** Task objective **
Retype the line with "Ảnh: ICTnews. |" exactly. Then retype every line after it through the end of the entries below, and nothing more, leaving out pictures.

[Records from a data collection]
━━━━━━━━━━
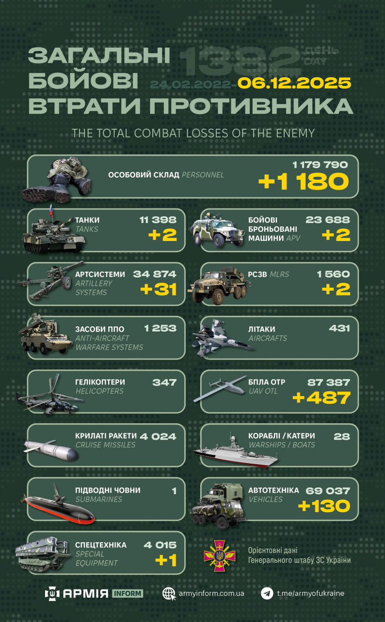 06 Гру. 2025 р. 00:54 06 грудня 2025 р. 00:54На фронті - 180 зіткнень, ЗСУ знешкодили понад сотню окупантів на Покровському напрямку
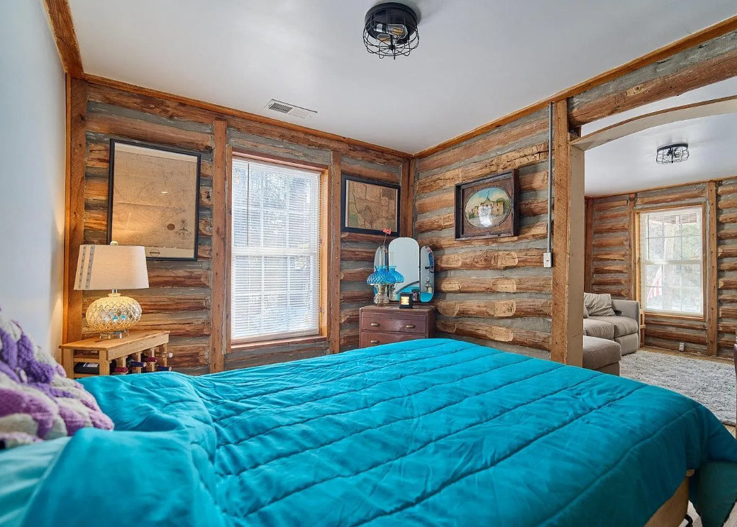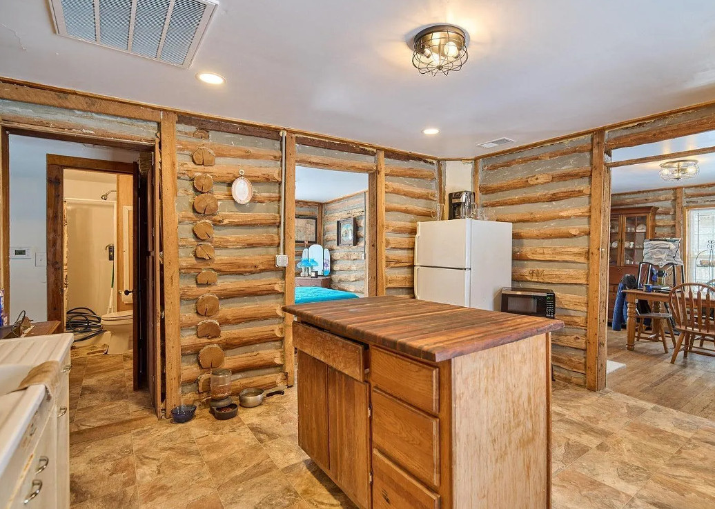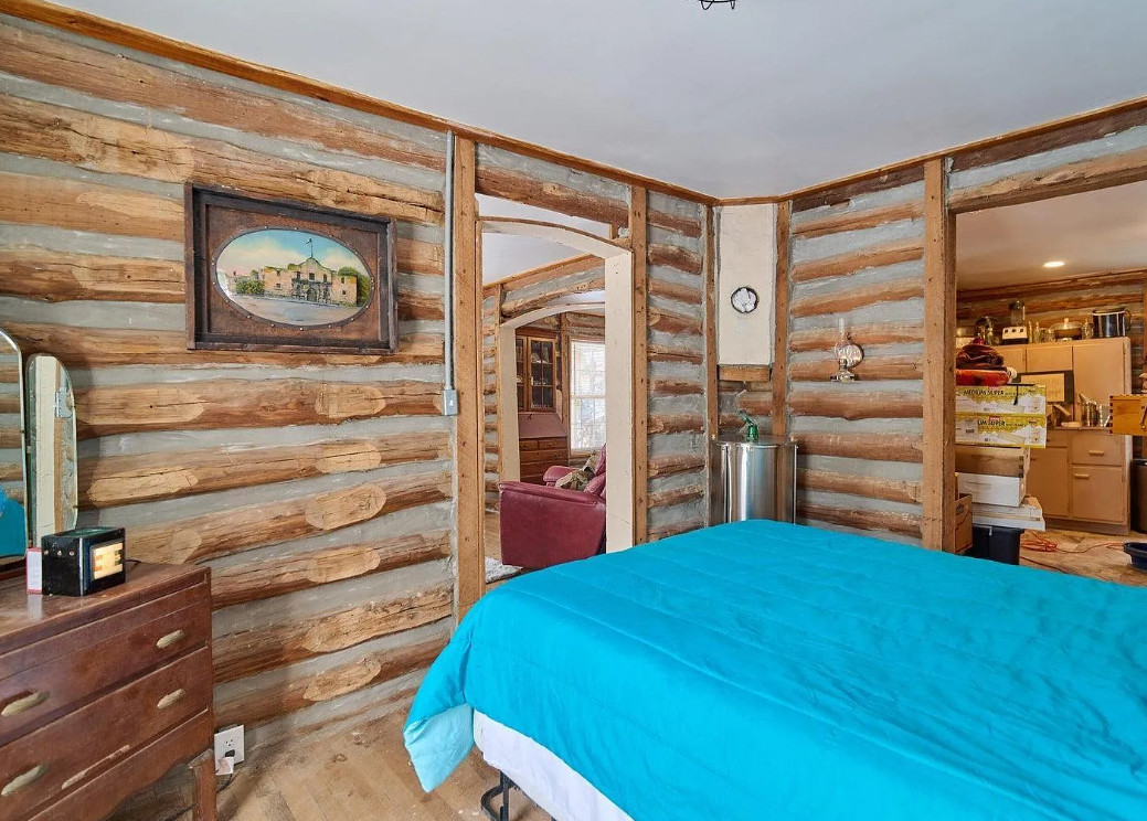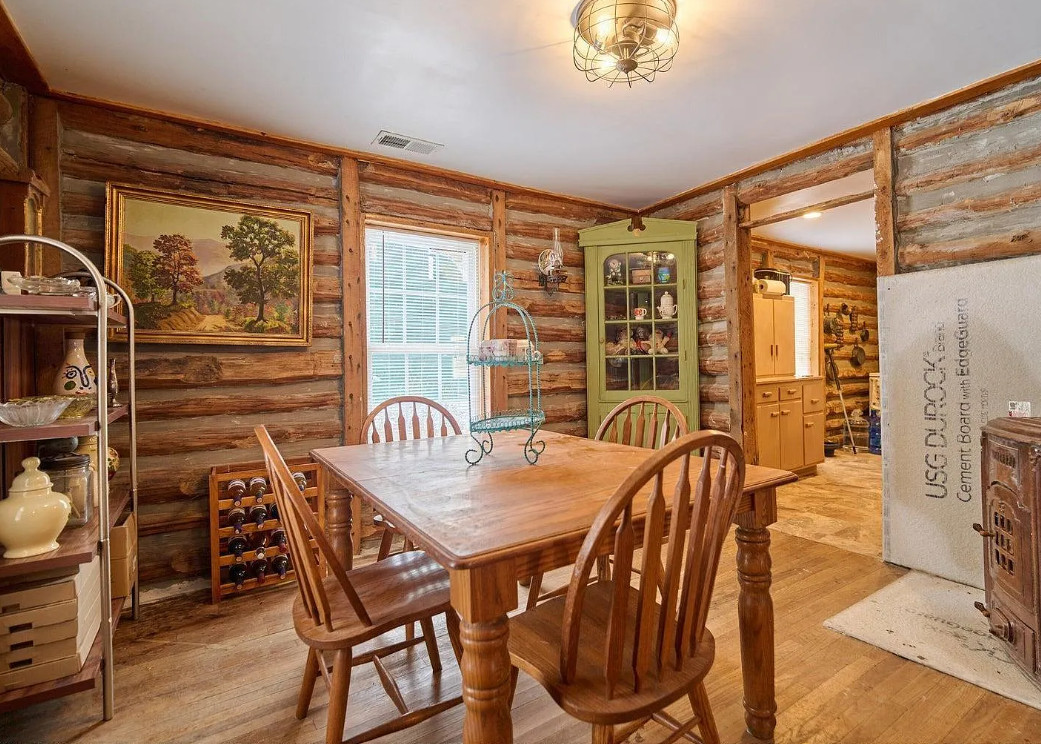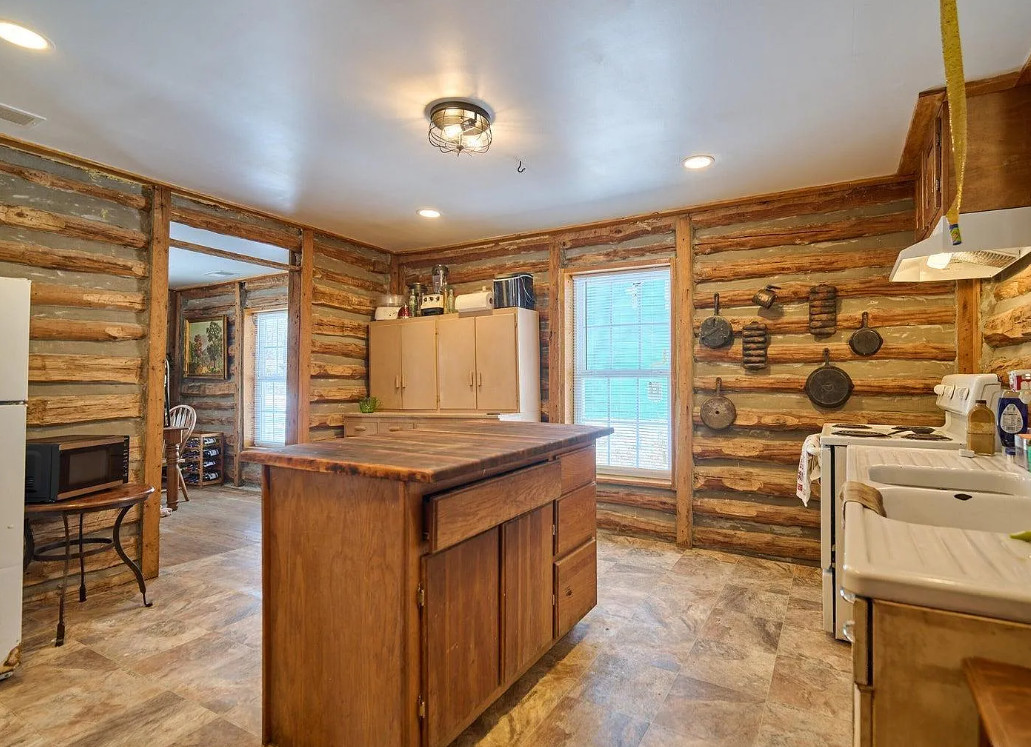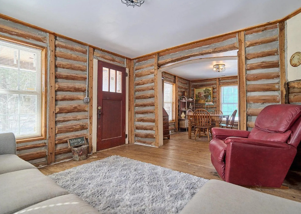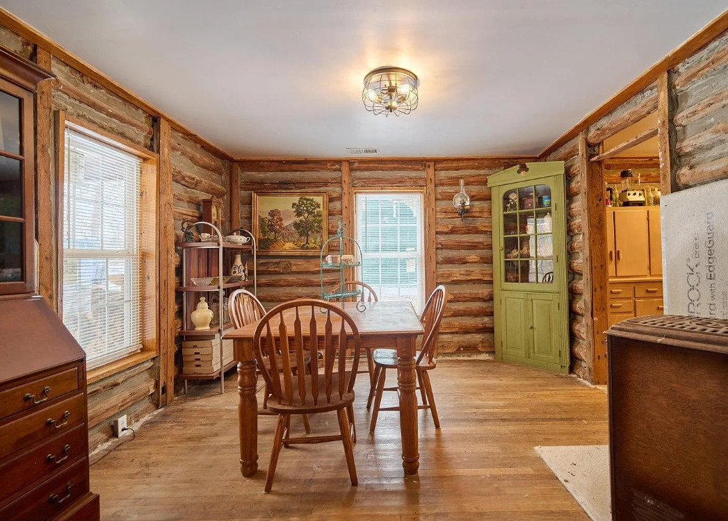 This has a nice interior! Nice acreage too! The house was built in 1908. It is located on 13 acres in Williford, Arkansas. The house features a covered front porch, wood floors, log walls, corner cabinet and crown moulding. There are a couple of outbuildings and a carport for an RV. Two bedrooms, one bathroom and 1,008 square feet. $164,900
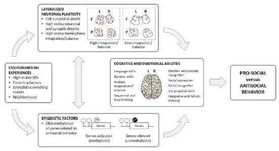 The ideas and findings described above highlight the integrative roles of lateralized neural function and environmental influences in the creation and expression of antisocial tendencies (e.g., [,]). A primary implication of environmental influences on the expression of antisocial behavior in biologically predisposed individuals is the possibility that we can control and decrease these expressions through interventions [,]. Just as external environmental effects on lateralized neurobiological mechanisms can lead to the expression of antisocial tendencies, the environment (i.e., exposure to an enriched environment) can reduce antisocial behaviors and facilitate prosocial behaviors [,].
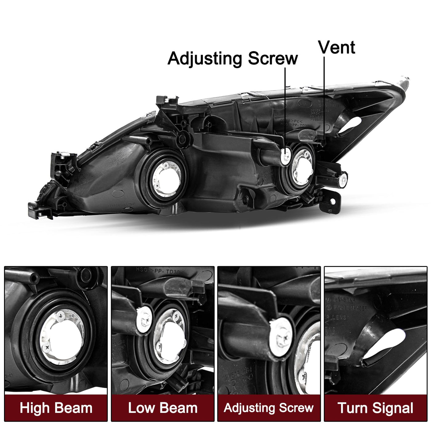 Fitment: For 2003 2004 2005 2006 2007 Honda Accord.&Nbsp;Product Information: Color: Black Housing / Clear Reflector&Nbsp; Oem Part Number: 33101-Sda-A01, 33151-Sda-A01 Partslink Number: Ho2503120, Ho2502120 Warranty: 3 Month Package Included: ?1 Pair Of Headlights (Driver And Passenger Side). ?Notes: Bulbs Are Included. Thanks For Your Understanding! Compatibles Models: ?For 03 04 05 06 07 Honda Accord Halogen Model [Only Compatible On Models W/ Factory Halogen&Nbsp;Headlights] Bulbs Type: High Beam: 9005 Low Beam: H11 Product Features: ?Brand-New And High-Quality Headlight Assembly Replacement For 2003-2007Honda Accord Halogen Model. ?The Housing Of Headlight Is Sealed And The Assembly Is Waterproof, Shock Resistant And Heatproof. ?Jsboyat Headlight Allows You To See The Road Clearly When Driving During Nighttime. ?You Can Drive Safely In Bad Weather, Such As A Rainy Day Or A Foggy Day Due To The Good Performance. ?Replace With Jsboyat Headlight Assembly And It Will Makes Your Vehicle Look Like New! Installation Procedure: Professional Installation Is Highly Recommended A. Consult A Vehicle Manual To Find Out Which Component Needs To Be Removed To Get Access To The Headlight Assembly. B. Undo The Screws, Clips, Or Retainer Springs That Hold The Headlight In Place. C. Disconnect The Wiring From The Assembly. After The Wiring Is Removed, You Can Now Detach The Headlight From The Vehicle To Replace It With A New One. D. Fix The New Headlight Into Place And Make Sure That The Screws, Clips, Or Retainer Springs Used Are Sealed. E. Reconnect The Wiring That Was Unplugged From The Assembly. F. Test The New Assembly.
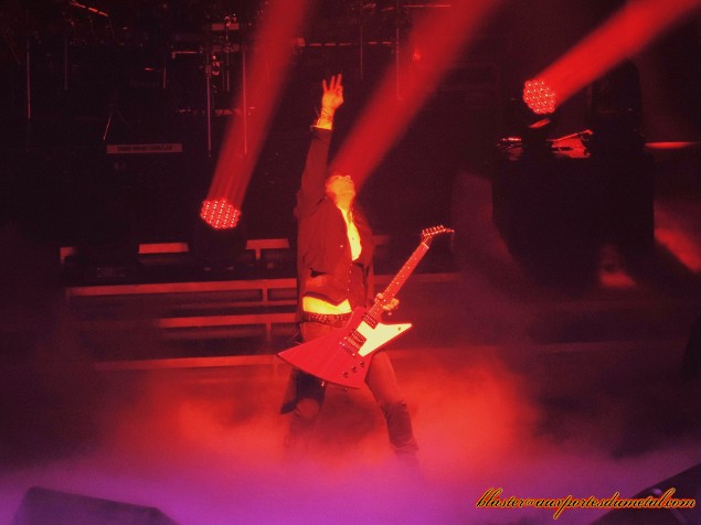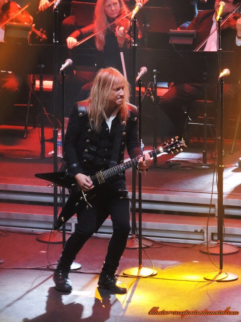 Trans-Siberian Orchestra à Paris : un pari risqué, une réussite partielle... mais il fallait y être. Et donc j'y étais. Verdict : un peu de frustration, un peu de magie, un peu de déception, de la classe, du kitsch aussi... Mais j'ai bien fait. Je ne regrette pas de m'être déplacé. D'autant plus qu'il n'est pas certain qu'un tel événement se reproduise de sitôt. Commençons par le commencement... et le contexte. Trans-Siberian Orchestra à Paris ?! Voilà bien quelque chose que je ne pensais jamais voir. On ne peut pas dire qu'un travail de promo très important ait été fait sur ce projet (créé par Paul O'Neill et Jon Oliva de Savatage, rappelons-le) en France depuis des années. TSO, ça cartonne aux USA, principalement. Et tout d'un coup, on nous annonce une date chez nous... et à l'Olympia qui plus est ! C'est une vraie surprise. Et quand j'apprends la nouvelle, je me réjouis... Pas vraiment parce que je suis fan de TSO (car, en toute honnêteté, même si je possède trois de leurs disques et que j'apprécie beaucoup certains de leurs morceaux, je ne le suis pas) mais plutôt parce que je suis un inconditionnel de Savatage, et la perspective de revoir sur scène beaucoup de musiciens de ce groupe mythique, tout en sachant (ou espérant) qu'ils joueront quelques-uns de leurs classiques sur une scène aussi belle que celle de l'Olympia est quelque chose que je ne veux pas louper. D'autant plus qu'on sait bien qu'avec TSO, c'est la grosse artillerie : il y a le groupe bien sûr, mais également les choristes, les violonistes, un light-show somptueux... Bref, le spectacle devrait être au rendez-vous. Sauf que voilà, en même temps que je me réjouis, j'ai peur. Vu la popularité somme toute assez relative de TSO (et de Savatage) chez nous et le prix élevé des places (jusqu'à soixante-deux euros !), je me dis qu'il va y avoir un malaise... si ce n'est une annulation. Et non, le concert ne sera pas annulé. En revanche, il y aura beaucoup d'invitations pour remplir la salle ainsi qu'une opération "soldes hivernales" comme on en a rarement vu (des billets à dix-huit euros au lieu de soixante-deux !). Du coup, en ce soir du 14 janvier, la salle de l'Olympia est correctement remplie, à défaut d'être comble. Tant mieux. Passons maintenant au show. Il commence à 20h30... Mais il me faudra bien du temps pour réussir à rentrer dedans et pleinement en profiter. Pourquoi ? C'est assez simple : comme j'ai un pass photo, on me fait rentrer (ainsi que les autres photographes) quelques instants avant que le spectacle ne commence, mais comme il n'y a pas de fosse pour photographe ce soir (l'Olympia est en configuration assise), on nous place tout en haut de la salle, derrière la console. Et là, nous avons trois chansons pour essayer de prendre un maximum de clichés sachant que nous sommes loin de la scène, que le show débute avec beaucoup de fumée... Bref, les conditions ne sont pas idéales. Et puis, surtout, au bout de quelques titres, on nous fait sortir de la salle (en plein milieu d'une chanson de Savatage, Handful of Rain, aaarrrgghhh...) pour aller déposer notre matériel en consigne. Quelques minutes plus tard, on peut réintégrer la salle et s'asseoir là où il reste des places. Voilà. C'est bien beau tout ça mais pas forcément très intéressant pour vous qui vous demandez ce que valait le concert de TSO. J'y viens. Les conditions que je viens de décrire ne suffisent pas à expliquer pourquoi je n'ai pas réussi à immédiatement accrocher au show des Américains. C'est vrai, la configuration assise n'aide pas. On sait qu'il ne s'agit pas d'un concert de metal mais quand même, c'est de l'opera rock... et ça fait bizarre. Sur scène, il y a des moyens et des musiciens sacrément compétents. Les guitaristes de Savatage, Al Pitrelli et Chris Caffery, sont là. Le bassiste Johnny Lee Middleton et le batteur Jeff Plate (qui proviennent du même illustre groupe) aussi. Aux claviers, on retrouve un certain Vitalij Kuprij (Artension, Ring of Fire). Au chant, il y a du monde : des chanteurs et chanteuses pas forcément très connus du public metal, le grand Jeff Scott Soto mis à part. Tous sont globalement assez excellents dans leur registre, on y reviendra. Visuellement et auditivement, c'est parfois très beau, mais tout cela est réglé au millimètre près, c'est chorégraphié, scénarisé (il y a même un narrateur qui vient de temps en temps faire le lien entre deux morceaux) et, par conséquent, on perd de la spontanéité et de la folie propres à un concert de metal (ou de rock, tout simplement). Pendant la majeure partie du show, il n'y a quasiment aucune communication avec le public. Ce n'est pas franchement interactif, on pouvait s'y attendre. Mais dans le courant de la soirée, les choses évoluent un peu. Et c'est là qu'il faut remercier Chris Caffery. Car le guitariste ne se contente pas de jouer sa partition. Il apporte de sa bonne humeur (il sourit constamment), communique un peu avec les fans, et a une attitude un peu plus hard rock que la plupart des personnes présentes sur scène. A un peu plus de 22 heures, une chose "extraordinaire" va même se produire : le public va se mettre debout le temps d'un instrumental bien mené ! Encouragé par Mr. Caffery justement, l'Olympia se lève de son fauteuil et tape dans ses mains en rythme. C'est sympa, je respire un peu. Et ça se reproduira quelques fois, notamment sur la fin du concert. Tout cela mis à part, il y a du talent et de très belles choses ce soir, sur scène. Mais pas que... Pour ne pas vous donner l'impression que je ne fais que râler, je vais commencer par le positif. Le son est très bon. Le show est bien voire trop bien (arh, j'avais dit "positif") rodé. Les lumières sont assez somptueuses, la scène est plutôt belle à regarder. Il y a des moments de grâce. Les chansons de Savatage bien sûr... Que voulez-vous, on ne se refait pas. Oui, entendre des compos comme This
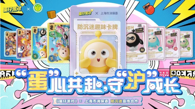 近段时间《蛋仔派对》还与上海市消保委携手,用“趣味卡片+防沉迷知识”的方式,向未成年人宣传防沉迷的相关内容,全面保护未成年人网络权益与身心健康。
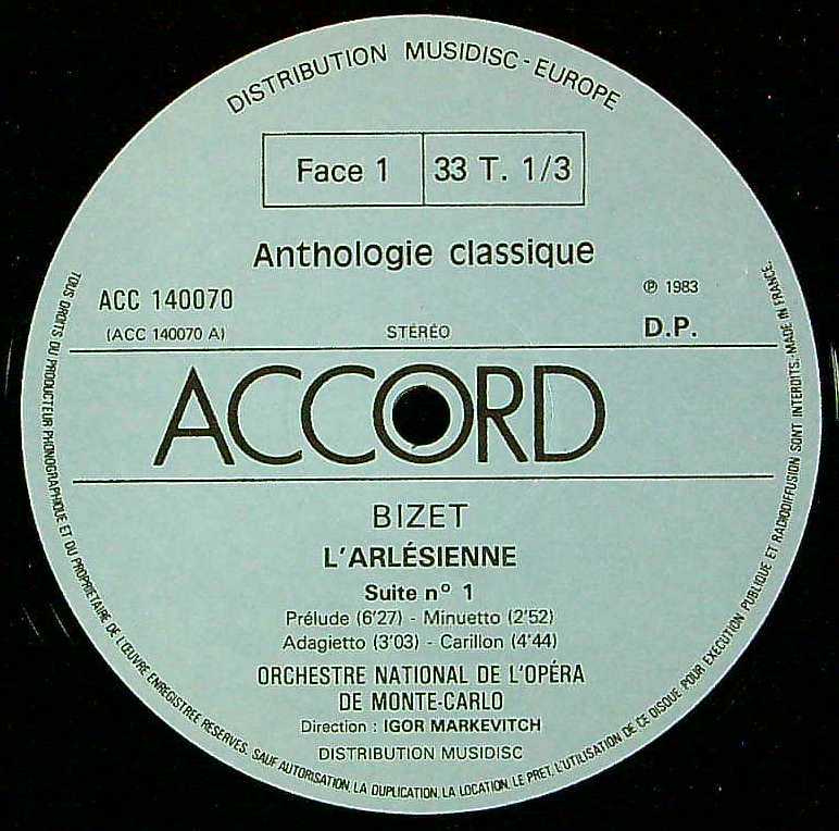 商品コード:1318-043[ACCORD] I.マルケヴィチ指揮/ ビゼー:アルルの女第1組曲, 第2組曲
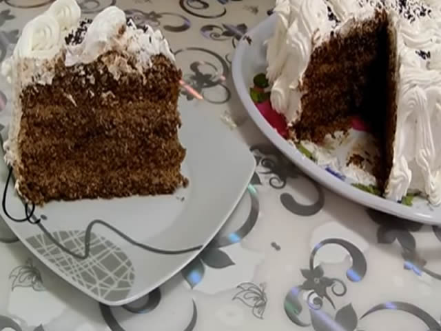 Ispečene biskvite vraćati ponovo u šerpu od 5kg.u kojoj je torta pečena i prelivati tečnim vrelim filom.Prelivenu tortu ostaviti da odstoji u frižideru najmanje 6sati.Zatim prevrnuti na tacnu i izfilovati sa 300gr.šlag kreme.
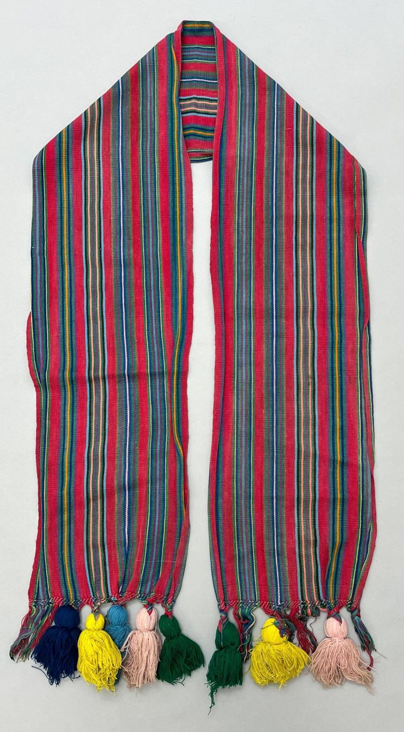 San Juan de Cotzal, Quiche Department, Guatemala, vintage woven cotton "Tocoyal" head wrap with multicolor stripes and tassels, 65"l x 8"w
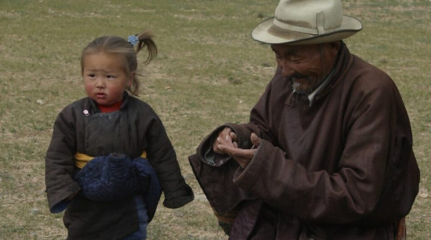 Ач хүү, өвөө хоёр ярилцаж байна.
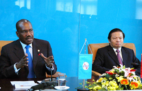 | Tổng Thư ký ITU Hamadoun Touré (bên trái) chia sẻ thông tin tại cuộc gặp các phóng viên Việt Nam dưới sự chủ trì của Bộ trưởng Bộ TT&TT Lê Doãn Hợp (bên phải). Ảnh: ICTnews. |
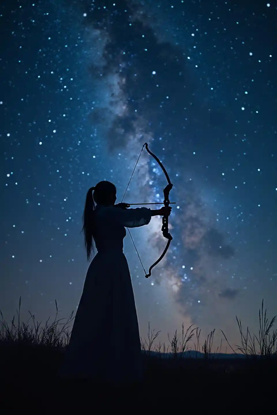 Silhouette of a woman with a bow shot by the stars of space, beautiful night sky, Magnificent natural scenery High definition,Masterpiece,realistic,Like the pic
━━━━━━━━━━
** Exercise answer **
 | Tổng Thư ký ITU Hamadoun Touré (bên trái) chia sẻ thông tin tại cuộc gặp các phóng viên Việt Nam dưới sự chủ trì của Bộ trưởng Bộ TT&TT Lê Doãn Hợp (bên phải). Ảnh: ICTnews. |
 Silhouette of a woman with a bow shot by the stars of space, beautiful night sky, Magnificent natural scenery High definition,Masterpiece,realistic,Like the pic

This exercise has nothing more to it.